Choć problem dotyka co trzecią Polkę powyżej 18. roku życia, wciąż nie mówi się o nim głośno.

Iwona Wcisło, dziennikarka Wirtualnej Polski: Według najnowszych danych Ministerstwa Zdrowia 30 proc. Polek po 18. roku życia boryka się z chorobami dna macicy. W przedziale wiekowym 50-60 lat problem dotyka połowę kobiet, a po 65. roku życia - aż 70 proc. Problem jest więc powszechny, ale o jego konsekwencjach, takich jak nietrzymanie moczu, wciąż nie mówi się głośno. Czy coś się w tej kwestii zmienia?

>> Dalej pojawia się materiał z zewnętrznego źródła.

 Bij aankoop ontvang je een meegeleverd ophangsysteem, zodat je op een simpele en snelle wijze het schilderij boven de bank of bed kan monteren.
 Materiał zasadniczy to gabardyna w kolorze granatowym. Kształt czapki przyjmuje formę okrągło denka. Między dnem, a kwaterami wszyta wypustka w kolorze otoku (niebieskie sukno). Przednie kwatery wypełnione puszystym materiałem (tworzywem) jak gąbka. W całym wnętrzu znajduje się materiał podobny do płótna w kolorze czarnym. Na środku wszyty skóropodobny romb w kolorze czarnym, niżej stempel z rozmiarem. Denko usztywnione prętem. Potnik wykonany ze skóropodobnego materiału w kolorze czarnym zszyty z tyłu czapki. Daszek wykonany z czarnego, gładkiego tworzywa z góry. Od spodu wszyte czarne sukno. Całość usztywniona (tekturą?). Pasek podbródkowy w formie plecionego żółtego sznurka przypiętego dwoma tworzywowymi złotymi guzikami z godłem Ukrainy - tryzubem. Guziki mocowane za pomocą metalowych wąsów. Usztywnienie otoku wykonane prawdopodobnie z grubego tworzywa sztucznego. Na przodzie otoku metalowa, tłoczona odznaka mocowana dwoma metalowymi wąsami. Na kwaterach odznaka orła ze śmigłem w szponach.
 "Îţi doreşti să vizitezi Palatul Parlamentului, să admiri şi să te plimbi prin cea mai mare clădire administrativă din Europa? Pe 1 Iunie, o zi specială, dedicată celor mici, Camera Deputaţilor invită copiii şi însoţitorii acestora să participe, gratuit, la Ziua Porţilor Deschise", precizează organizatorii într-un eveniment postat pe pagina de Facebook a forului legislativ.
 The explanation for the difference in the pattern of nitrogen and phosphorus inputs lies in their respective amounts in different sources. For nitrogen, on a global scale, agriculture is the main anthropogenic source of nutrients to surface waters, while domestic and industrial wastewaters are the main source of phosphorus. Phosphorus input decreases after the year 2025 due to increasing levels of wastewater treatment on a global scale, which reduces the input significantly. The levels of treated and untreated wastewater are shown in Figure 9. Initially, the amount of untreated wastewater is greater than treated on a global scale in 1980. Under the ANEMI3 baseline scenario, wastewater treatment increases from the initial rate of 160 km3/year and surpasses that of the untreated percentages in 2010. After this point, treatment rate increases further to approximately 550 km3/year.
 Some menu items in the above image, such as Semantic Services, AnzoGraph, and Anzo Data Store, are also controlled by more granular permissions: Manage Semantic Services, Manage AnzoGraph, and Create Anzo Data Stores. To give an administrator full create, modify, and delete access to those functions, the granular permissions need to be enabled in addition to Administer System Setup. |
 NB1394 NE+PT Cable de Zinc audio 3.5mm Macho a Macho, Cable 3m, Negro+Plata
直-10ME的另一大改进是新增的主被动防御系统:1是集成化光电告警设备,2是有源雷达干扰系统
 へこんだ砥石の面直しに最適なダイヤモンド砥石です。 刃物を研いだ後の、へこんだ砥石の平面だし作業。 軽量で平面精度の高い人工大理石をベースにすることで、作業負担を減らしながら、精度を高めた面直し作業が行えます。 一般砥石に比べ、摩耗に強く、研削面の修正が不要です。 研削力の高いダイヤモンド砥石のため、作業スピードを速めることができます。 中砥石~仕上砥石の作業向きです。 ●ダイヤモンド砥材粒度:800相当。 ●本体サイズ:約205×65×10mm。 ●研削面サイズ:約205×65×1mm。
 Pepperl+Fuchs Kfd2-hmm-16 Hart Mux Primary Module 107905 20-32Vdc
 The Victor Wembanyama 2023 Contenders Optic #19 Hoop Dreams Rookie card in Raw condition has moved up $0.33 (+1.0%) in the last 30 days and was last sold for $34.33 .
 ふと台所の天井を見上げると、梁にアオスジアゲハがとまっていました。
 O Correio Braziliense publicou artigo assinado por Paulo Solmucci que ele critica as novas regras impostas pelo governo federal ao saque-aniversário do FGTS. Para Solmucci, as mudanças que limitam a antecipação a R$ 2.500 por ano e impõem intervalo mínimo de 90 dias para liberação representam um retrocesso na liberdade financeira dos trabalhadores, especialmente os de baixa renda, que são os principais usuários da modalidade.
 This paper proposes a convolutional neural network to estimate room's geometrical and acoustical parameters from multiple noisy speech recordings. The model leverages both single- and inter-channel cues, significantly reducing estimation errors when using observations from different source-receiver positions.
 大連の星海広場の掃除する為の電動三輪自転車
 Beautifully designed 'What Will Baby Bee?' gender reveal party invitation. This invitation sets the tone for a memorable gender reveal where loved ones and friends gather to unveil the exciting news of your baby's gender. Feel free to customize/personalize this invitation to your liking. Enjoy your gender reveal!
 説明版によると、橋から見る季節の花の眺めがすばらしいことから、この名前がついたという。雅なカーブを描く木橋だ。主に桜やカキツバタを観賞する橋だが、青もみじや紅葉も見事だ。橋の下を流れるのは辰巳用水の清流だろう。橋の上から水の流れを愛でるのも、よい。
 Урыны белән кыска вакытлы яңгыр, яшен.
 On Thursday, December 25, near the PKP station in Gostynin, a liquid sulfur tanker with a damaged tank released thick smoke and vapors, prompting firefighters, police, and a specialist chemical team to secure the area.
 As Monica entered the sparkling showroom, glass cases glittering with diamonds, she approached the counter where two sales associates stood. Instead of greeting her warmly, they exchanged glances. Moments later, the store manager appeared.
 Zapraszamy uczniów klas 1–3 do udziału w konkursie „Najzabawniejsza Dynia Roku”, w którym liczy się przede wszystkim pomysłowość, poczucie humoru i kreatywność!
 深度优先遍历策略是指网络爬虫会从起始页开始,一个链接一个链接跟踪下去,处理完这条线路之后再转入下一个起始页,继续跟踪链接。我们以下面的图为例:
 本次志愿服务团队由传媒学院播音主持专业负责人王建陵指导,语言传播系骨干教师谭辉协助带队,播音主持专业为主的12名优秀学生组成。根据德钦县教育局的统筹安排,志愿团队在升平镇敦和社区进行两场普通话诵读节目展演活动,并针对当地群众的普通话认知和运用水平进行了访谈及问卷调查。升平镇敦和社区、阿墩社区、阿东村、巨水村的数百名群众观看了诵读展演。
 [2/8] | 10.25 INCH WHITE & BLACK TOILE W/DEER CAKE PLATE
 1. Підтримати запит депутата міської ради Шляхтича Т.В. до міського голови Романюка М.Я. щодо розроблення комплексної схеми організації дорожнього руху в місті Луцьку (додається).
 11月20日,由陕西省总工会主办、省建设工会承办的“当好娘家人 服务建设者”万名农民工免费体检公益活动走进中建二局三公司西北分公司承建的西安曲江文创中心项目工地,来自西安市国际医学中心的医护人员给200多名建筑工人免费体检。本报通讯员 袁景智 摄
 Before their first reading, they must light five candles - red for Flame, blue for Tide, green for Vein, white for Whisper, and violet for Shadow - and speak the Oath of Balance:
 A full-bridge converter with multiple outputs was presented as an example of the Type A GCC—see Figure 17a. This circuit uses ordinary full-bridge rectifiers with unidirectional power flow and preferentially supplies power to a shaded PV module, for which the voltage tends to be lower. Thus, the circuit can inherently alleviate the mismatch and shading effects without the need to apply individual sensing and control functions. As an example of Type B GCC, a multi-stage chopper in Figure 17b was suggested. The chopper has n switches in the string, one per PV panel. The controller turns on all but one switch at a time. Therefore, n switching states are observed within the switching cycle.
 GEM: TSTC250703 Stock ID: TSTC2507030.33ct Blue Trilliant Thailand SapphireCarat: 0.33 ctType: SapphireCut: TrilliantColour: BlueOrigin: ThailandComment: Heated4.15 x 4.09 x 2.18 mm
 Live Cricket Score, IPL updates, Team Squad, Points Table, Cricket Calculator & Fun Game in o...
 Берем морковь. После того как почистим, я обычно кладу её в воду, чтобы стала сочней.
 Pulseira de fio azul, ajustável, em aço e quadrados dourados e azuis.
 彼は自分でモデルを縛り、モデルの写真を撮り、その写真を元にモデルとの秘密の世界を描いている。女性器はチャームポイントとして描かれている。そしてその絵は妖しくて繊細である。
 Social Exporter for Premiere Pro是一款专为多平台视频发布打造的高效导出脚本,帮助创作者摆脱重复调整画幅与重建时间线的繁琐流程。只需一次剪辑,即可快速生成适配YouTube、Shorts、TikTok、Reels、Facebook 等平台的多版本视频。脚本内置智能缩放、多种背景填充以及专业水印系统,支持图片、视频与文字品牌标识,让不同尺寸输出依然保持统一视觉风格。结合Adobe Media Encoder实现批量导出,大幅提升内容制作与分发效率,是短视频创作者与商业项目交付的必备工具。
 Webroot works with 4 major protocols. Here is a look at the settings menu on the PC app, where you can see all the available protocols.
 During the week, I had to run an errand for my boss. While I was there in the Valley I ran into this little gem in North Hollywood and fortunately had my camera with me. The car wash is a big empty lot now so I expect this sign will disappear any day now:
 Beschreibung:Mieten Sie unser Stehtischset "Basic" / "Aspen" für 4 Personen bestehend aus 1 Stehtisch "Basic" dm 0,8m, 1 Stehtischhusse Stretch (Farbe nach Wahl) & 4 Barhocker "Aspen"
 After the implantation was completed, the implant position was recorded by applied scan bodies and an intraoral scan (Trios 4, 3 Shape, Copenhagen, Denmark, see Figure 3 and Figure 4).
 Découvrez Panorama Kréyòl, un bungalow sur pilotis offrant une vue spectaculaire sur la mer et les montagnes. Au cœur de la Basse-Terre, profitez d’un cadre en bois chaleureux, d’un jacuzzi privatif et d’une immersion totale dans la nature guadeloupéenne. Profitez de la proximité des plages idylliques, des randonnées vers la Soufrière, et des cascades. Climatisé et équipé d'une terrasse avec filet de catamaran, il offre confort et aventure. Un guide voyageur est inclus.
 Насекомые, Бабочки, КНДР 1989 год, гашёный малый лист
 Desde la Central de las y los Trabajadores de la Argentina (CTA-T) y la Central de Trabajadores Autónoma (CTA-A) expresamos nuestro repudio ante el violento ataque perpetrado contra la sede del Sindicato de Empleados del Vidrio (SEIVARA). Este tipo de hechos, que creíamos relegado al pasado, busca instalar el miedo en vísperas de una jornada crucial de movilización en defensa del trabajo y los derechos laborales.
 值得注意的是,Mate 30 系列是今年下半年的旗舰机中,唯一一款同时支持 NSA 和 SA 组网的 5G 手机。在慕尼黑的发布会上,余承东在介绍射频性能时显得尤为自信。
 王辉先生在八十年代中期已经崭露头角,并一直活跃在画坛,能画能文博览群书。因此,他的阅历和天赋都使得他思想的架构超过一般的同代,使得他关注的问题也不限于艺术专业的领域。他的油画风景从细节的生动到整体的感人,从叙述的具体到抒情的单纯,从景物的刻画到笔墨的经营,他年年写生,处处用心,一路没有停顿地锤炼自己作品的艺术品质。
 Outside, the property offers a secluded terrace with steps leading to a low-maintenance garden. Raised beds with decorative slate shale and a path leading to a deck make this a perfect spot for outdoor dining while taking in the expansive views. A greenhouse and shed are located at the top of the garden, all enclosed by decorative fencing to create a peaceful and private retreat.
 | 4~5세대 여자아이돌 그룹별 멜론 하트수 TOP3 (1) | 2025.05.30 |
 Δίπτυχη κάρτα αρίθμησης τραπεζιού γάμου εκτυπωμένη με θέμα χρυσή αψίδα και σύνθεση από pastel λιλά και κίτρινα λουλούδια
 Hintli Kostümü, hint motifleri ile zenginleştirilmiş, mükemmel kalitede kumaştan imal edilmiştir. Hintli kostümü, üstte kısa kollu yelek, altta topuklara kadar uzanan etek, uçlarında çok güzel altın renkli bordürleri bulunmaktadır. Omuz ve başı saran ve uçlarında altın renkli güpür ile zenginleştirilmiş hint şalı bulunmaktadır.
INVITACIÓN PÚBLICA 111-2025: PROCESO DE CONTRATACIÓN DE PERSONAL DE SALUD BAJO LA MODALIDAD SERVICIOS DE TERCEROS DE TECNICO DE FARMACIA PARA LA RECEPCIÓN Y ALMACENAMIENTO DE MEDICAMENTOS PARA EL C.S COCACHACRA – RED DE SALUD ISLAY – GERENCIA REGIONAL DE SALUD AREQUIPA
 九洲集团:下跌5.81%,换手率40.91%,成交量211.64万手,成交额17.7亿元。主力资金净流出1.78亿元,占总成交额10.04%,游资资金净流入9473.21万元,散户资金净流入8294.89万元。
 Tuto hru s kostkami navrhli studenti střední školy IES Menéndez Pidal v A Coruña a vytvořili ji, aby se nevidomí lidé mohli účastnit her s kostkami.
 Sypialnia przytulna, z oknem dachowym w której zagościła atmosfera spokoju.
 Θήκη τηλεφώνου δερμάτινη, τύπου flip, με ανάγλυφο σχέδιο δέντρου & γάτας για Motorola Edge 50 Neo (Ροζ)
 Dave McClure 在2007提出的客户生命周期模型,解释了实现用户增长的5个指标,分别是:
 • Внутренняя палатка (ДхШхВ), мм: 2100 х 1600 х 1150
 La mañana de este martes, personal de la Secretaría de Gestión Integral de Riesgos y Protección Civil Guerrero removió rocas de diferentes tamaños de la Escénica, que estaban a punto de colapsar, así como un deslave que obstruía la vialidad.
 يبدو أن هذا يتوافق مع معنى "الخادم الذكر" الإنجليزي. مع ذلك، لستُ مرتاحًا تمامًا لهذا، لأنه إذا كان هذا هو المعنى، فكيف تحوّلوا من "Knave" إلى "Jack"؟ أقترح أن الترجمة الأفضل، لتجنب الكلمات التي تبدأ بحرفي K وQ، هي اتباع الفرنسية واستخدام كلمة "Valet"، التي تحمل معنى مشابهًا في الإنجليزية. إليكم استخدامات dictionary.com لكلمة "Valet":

Dr Urszula Herman: Problemem nietrzymania moczu zajmuję się już 10 lat i nadal jest to temat tabu, choć widać światełko w tunelu. Edukacja jest na coraz wyższym poziomie, a co za tym idzie - rośnie też świadomość kobiet. Nie jest to może jeszcze duży odsetek, ale spotykam wiele pań, które chcą ćwiczyć mięśnie dna miednicy pod okiem fizjoterapeutki uroginekologicznej nie tylko po porodzie, ale jeszcze przed zajściem w ciążę. I to jest bardzo rozsądne podejście. Niestety, w przypadku problemów czas od pojawienia się pierwszych objawów do zgłoszenia się po pomoc wciąż jest zbyt długi.

Ile mniej więcej wynosi?

Wg moich badań średnio 9 lat.

Strasznie długo. Dlaczego to zajmuje kobietom tyle czasu?

Powodów jest kilka. Przede wszystkim nie jest to choroba, która boli albo zabija, więc kobiety bombardowane reklamami wkładek myślą, że wystarczy ich używać i problem się rozwiąże. Czasem próbują robić jakieś ćwiczenia, ale na ogół nie są one odpowiednio dobrane, inne sięgają po suplementy, których skuteczność jest dyskusyjna.

A prawda jest taka, że choć nie jest to choroba kalibru nowotworu, to znacząco obniża jakość życia. Kobiety wycofują się z wielu aktywności, tracą pewność siebie, obniża się im nastrój, a nawet może pojawić się depresja. Dlatego apeluję, by w przypadku nietrzymania moczu nie liczyć, że to samo przejdzie, tylko jak najszybciej zacząć działać.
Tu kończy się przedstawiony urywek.